* **TASK DATA**:
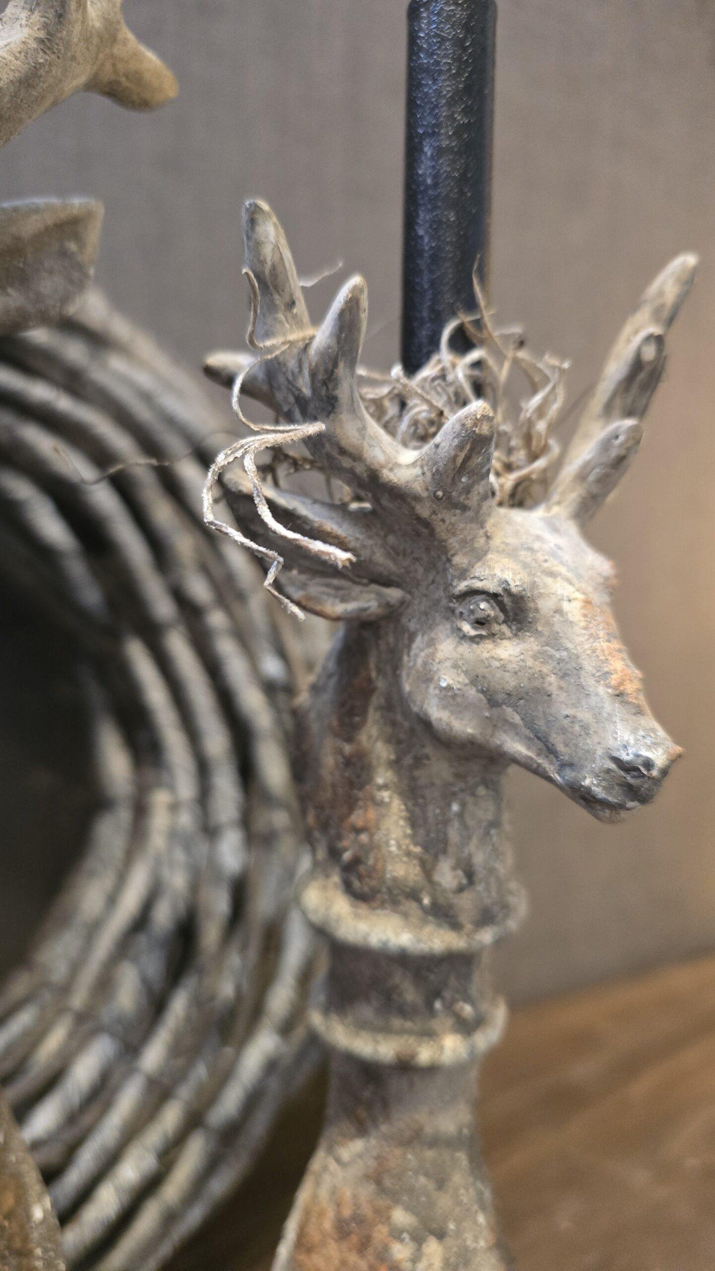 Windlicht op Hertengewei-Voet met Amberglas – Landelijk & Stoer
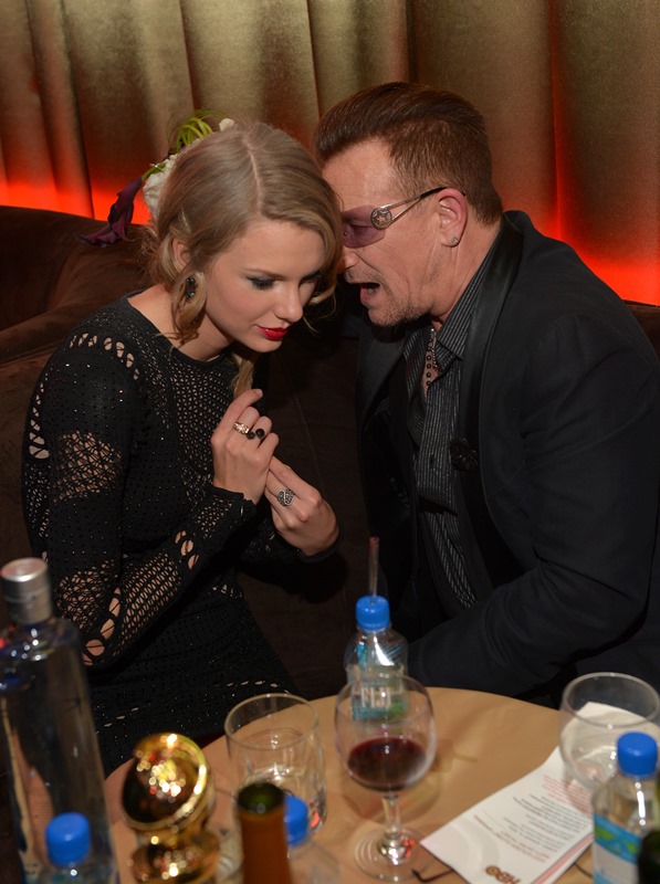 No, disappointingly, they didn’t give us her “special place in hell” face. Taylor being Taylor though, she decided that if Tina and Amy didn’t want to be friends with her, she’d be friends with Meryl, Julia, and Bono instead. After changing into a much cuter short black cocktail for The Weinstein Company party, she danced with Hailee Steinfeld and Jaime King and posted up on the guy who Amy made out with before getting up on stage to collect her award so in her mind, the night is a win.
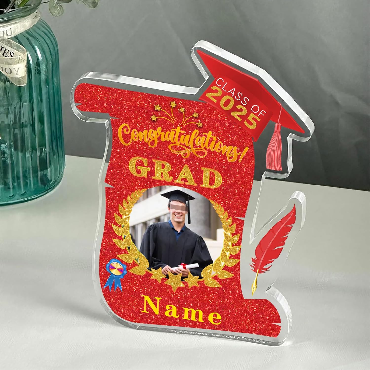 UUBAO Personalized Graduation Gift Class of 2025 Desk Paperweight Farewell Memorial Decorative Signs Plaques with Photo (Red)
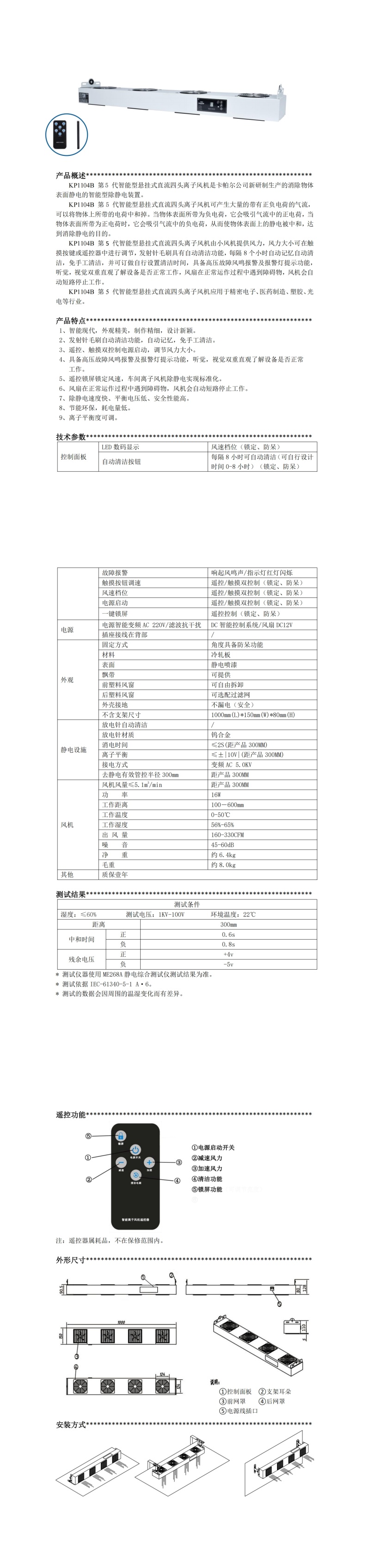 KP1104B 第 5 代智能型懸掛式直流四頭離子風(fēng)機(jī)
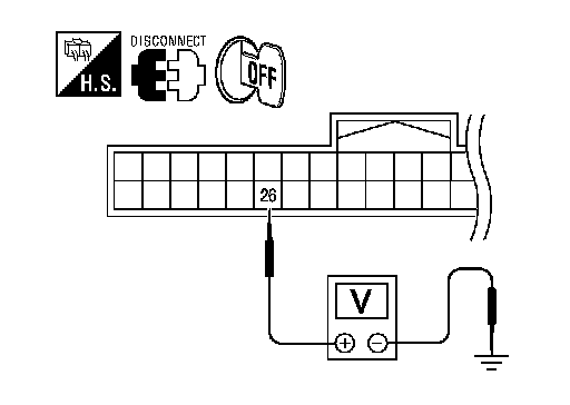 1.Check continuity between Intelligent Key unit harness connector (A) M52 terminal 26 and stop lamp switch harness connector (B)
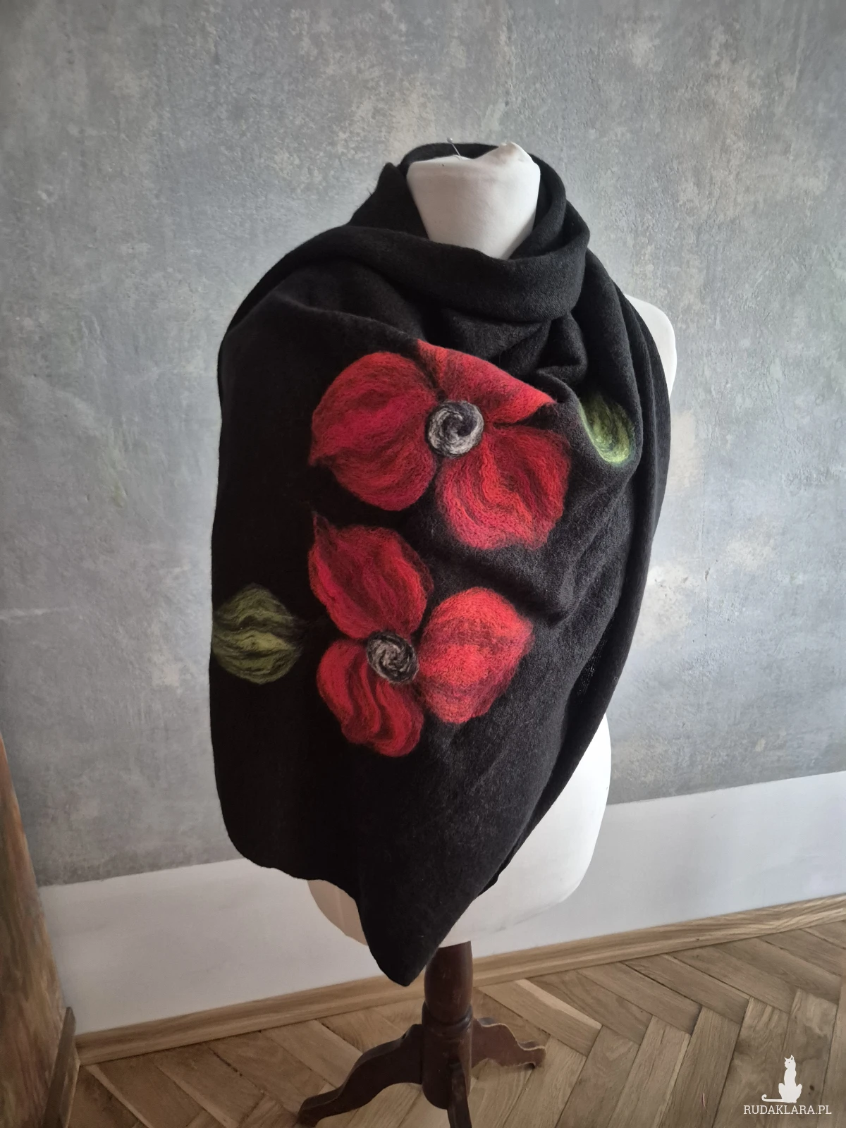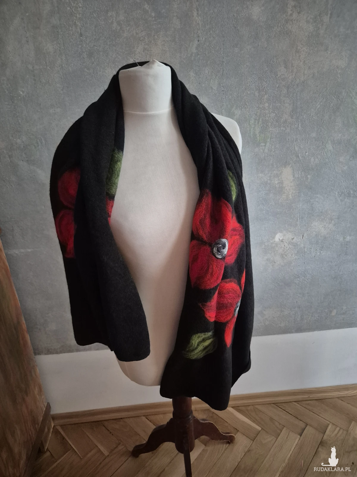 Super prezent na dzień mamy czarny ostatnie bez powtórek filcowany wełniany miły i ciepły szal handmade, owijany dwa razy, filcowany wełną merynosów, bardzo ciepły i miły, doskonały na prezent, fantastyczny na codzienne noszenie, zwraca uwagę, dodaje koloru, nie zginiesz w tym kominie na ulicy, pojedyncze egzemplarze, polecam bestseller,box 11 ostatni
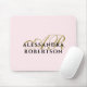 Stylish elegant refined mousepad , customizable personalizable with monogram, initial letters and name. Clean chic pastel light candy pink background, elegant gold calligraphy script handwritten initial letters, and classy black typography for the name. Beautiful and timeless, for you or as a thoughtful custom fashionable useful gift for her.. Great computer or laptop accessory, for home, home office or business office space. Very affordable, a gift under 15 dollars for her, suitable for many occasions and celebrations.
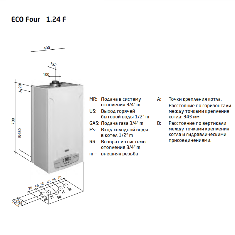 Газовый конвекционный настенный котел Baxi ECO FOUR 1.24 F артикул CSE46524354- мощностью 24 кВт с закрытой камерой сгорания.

* **TASK DIRECTIONS**:
Your task is to reproduce exactly the lines from the start of the data above through the line containing "No, disappointingly, they", leaving every picture out.

* **WRITTEN SOLUTION**:
 Windlicht op Hertengewei-Voet met Amberglas – Landelijk & Stoer
 No, disappointingly, they didn’t give us her “special place in hell” face. Taylor being Taylor though, she decided that if Tina and Amy didn’t want to be friends with her, she’d be friends with Meryl, Julia, and Bono instead. After changing into a much cuter short black cocktail for The Weinstein Company party, she danced with Hailee Steinfeld and Jaime King and posted up on the guy who Amy made out with before getting up on stage to collect her award so in her mind, the night is a win.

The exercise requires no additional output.